On the uncertainty principle in Rindler and Friedmann spacetimes

TL;DR

This paper revises the uncertainty relations in Rindler and Friedmann spacetimes, demonstrating their coordinate dependence and showing that apparent minimum uncertainties are artifacts of coordinate choice, thus clarifying their invariant nature.

Contribution

It reveals that previously reported minimum uncertainties are coordinate artifacts and connects these results to invariant uncertainty relations in spaces of constant curvature.

Findings

Uncertainty relations are coordinate dependent in Rindler and Friedmann spacetimes.

Non-zero minimum uncertainties are artifacts of coordinate choice.
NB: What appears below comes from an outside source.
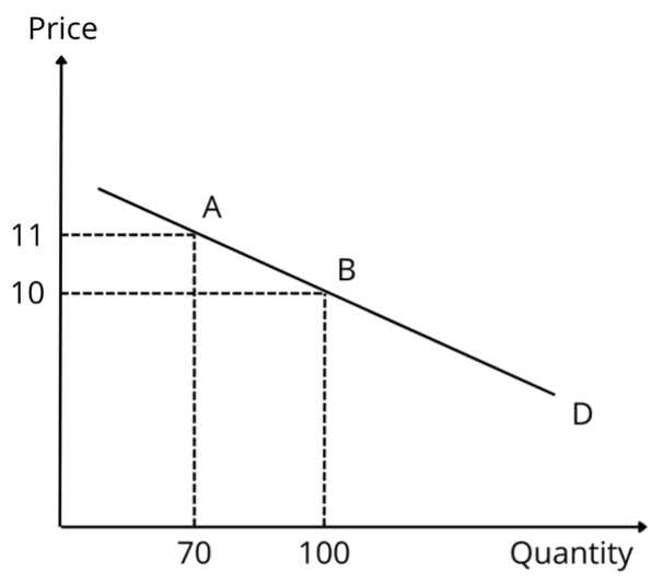 If point A is considered the starting point, the quantity and price experience percentage changes of -30% and 10%, respectively:
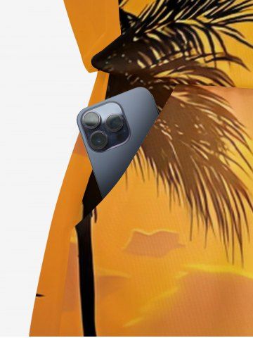 Plus Size Coconut Tree Sunset Print Cinched Hawaii Romper - Dark Orange - 5x

Invariant uncertainty relations are derived for general 3D spaces of constant curvature.

Abstract

We revise the extended uncertainty relations for the Rindler and Friedmann spacetimes recently discussed by Dabrowski and Wagner in [9]. We reveal these results to be coordinate dependent expressions of the invariant uncertainty relations recently derived for general 3-dimensional spaces of constant curvature in [10]. Moreover, we show that the non-zero minimum standard deviations of the momentum in [9] are just artifacts caused by an unfavorable choice of coordinate systems which can be removed by standard arguments of geodesic completion.